The US Dollar is riding high against most foreign currencies.
Much of American consumption relies on foreign goods, which should be cheaper due to exchange rates.
Why are prices going up (inflation) on foreign products?
Are bushiness just pricing in what the market will bear?
The big drivers of inflation in the U.S. this year has been energy prices and wage costs. Importing foreign goods consumes fuel (which is more expensive now), and requires workers (which also cost more).
Then, bringing those goods from a U.S. port, to the consumer’s home, requires domestic transport, and employees in the transportation system, which, again, cost more now.
Plus, of course, inflationary pressures resulting from higher energy prices operate outside the US too. The manufactured goods that the US imports costs more to manufacture in their home countries because they, too, suffer from higher energy costs, etc. So the effect of the rise in USD relative to other countries is offset by the rise in prices denominated in those other currencies.
I’ll take greed for a hundred, Alex.
We live out in the middle of nowhere Arizona about 5 miles from a major freeway. Before gas prices got so high, gas prices were pretty much the same between stations and in the hundred mile area. Now gas prices have a DOLLAR a gallon range within 60 miles.
Miss-spelled business in the OP.
Time to summon the fat finger excuse.
If you self report yourself, the wonderful mods are quick to make the correction for you.
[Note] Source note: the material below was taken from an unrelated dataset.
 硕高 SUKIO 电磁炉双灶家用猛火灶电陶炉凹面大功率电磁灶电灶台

One way to look at this is that inflation is high everywhere, but it’s even higher in other countries, which is why the US dollar is strengthening against them.
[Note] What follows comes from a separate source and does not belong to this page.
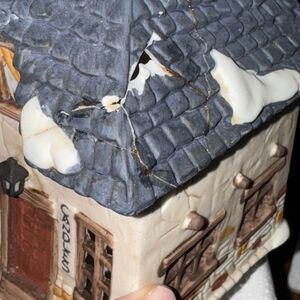 ****This house has some repair damage as well as a missing piece. Please see the photos and read the captions with them so you know exactly what youre getting. In addition, there is no bulb included in the set so I do not know if the cord is working I am including the cord, but there is no guarantee that the cord will work. Outer box also has some moisture damage and tape across it. Thank you for reading before you ask questions.
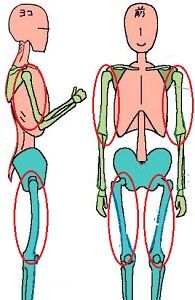 脚で言えば 膝かた股関節まの大腿左右合計ですと 4か所 になると思います。自分の意志で積極的に動かすのは その『四肢』股関節から腕の生えている肩までの胴体部分はそれに対し 防衛本能が強く働く場所 になりますので自然に任せ、胴体内を積極的に動かさない方が良いでしょう。Ⓡさんの動きを見ていると『肩を廻そう』と言う動きが機能として腕の一部である肩部 ではなく肩の生えた 両肩のライン・胴体部分

If you think about it like that, it’s not a surprise that foreign goods are rising in price. Foreign markets are experiencing even higher prices for inputs than we are!
Bushiness is why we have hedge funds.
“According to this chart, what is the biggest driver of inflation during the pandemic? The blue – the dark blue is the recent period,” Porter pointed out.
“It would be corporate profits,” Konczal confirmed.
“And what is that percentage?” Porter asked.
“It is 54 percent,” Konczal replied, “and that number does stay that level of high if you update that number to more recent numbers as well.”
Porter asked if that meant that “over half of the increased prices people are paying are coming from increases in corporate profits?”
Konczal said that it did and that “the unit price index is reflected in corporate profits as opposed to other costs.”
Porter questioned Konczal, “how does that compare to, historically, other periods of inflation or over other periods of economic time?”
Konczal noted that “it is significantly higher in this recovery – 11.5 percent.”
Porter added, “and what is it today?”
Konczal conceded that it is “53 percent.”
Link in that cite,
I wouldn’t be too surprised if that were true. Basically nothing that I buy has gone up in price all that much. Groceries a little, but that’s about it. I only spend money I things that I think are worth my money, whether before or after - I don’t go around spending all the money I have on everything people are selling just because I can afford it. Most people seem to actually do that, and so corporate America is keen to raise prices when people feel like prices should be rising. This causes larger increases in prices than those required by input costs, but they can always just blame it on inflation.
The part of this explanation that always seems to be missing is why this just happened?
Were companies not greedy 5 years ago? 10? If they had this kind of pricing power, why did they wait until now to use it?
The standard economic answer that there’s lots of inflation due to monetary stimulus, supply and demand shocks due to the pandemic and responses to it, and a war between the western world and Russia makes a lot of sense in comparison. We didn’t have those things 5 or 10 years ago, which is why we’re getting inflation now and not then.
I’m not an economist. Just an average Joe. But the Dollar has been strengthening for some time. Shouldn’t that translate to less USD to purchase products from a country that has a falling currency?
I understand that the rising cost of transportation (and possibly raw materials) are a factor in driving up some prices, but there should be some US consumer windfall from a strong currency on the world market.
Is it lower inflation relative to other countries?
Or are tariffs artificially keeping the price of foreign goods up?
If corporate profits are up shouldn’t that translate to higher stock returns?
-Not so much in this case.
This^^. Basic low supply and high demand makes sense.
So, the thing to remember is that the dollar “strengthening” is relative to other currencies. Both currencies are weakening with respect to real goods, the dollar is just weakening more slowly.
There is a US consumer windfall from this effect, it’s just that the windfall shows up as “the price of foreign goods are not increasing as fast as the price of domestic goods” rather than what would have happened in the past when inflation in the US was low and it showed up as “the price of foreign goods is dropping relative to the price of domestic goods”. The price drop is still there, it’s just a smaller drop than overall inflation, so the net change in prices is still up, just less up.
Yes.
That’s what tariffs do, but they haven’t in general increased in the last year or two, so they don’t explain a recent change in relative prices.